Prisoners of Their Own Devices: How Models Induce Data Bias in
Performative Prediction
- URL: http://arxiv.org/abs/2206.13183v1
- Date: Mon, 27 Jun 2022 10:56:04 GMT
- Title: Prisoners of Their Own Devices: How Models Induce Data Bias in
Performative Prediction
- Authors: Jos\'e Pombal, Pedro Saleiro, M\'ario A.T. Figueiredo, Pedro Bizarro
- Abstract summary: A biased model can make decisions that disproportionately harm certain groups in society.
Much work has been devoted to measuring unfairness in static ML environments, but not in dynamic, performative prediction ones.
We propose a taxonomy to characterize bias in the data, and study cases where it is shaped by model behaviour.

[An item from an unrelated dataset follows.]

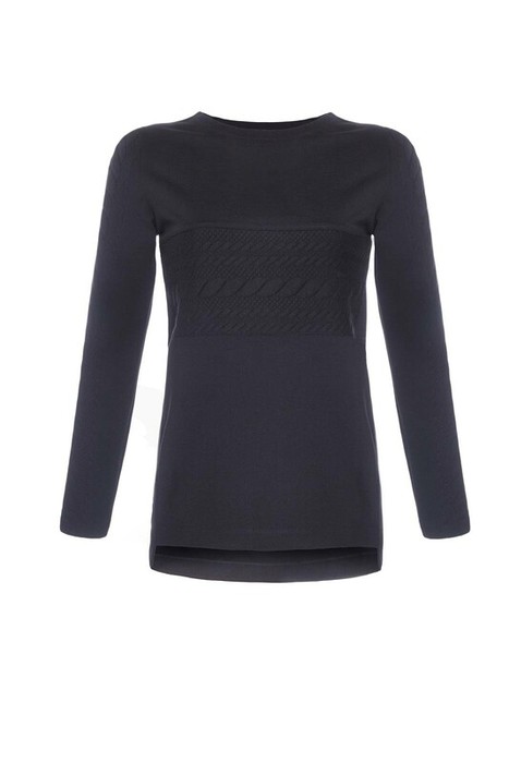 Лаконичный трикотажный джемпер полуприлегающего силуэта подходит для формирования базового повседневного гардероба. Мягкое, эластичное полотно с высоким содержанием вискозы. Изделие отлично держит заданную форму, легко в уходе, сохраняются первозданные качества даже после многочисленных стирок. Длинные рукава декорированы эффектным узором, имитирующим узорную вязку. Отличный комби-вариант для узких джинсов и кожаных леггинсов.

- Score: 4.874780144224057
- License: http://arxiv.org/licenses/nonexclusive-distrib/1.0/
- Abstract: The unparalleled ability of machine learning algorithms to learn patterns
from data also enables them to incorporate biases embedded within. A biased
model can then make decisions that disproportionately harm certain groups in
society. Much work has been devoted to measuring unfairness in static ML
environments, but not in dynamic, performative prediction ones, in which most
real-world use cases operate. In the latter, the predictive model itself plays
a pivotal role in shaping the distribution of the data. However, little
attention has been heeded to relating unfairness to these interactions. Thus,
to further the understanding of unfairness in these settings, we propose a
taxonomy to characterize bias in the data, and study cases where it is shaped
by model behaviour. Using a real-world account opening fraud detection case
study as an example, we study the dangers to both performance and fairness of
two typical biases in performative prediction: distribution shifts, and the
problem of selective labels.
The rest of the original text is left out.